I wonder if they had insurance

I think that the owner of the ship is legally liable. They’ll probably go bankrupt and then Egypt and all of the shipping companies that lost money will get a share of whatever assets they have.

I’ll see if I can find the article where I read that.

Makes sense, although aren’t some of those shipping firms massive? I wonder if marine cargo covers this sort of loss?

I’m guessing that any damage to the ship (little to none, I think) and possibly its own shipping delays are covered.

Whether there is liability coverage for shipping delays for hundreds of other ships and the lost Suez Canal fees and the extra time / fuel for the ships that opted to sail around Africa instead of waiting it out is a different question.

And of course ordinary Joe’s like you and me who must pay more for gas and probably other goods too… we won’t get a dime.

I have been researching a lot about the financial impact and a LOT of information has been reported badly, greatly exaggerating the real impact.

The $15million per day is a real good estimate of the daily value that Egypt collects as operators of the canal. I read that Egypt collects 5.6B annually, which totally hangs together with the 15M per day estimate. With the canal blocked, I assume that the collection of “tolls” came to a halt. But reports are that the canal averages 50 transits per day but can run at a capacity of 106 transits per day means that the back log of ships that are sitting outside the canal will be cleared in a week or two as the canal catches up running at high capacity.

Now, some of the ships decided to go around Africa rather than wait out the arterial blockage. Egypt will presumably lose revenue from those few ships. But Egypt will be collecting $30M per day for the next few weeks as it catches up on the transit backlog. So how much did it lose? It seems the answer is not too much.

The 400M per day number is a misreported, absurd number. An average of $400 million of cargo transits the canal per hour. That cargo, totaling billions , will be delayed to its destination. That doesn’t mean that the “world economy” is losing the value of the goods. No doubt a small fraction of the cargo that is time sensitive may be lost, such as livestock, but most of the cargo will reach its destination up to two weeks late. If you order a $1000 TV on Amazon that arrives a week late, you may be inconvenienced, but you havn’t lost $1000.

There will be some catch-up, but if a boat got delayed by a week, that boat is going to make perhaps one fewer trip through the canal in 2021. So the loss would be the number of boats that went around Africa plus the number of fewer trips that get made due to delays.

I’m picking nits, I agree with your larger point that the press ran with ‘this is costing a quadrillion dollars,’ when the reality is it’s much smaller.

It’s delayed economy, not completely lost economy.
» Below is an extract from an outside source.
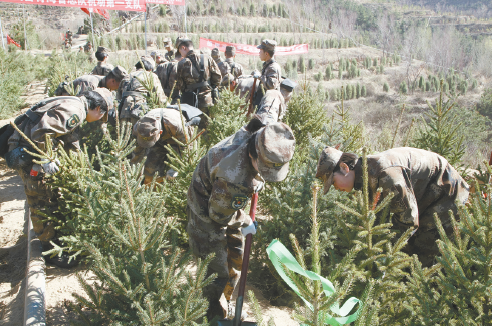 兵站部官兵進行參與(yu) 西寧南北山綠化
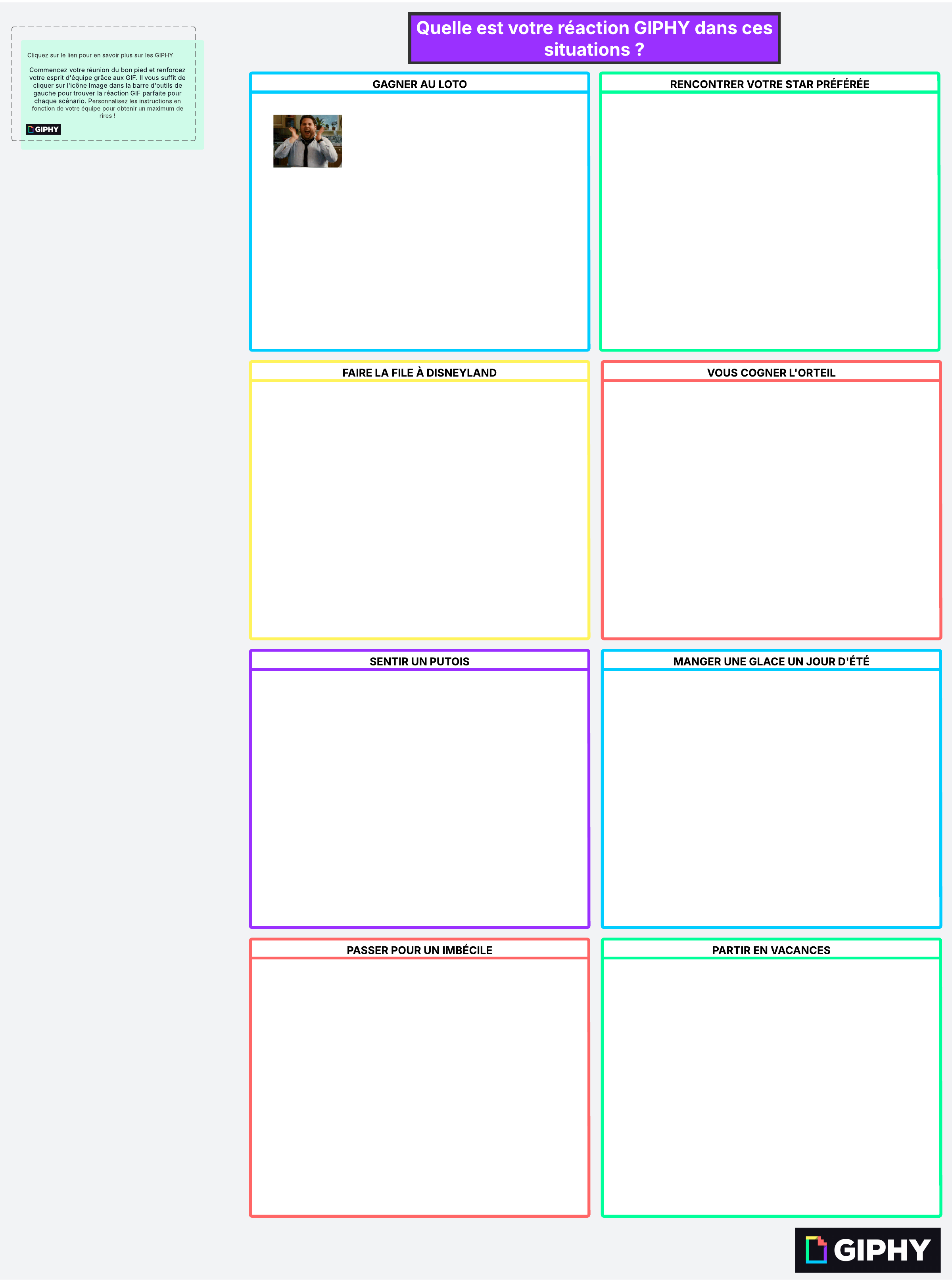 Commencez votre réunion du bon pied et renforcez votre esprit d'équipe grâce aux GIF. Il vous suffit de cliquer sur l'icône Image dans la barre d'outils de gauche pour trouver la réaction GIF parfaite pour chaque scénario. Personnalisez les instructions en fonction de votre équipe pour obtenir un maximum de rires !

This article, in Business Insurance, pegs the shipping industry loss at 24M for the incident (not including whatever was spend on digging and tugboats). That’s 10,000 to $15,000 per day times somewhere between 260 and 400 ships sitting idle outside the canal for 1 to 7 days each. That’s a far, far cry from 400M per hour.

Time value of money.

With short-term interest rates being negative, this is a win!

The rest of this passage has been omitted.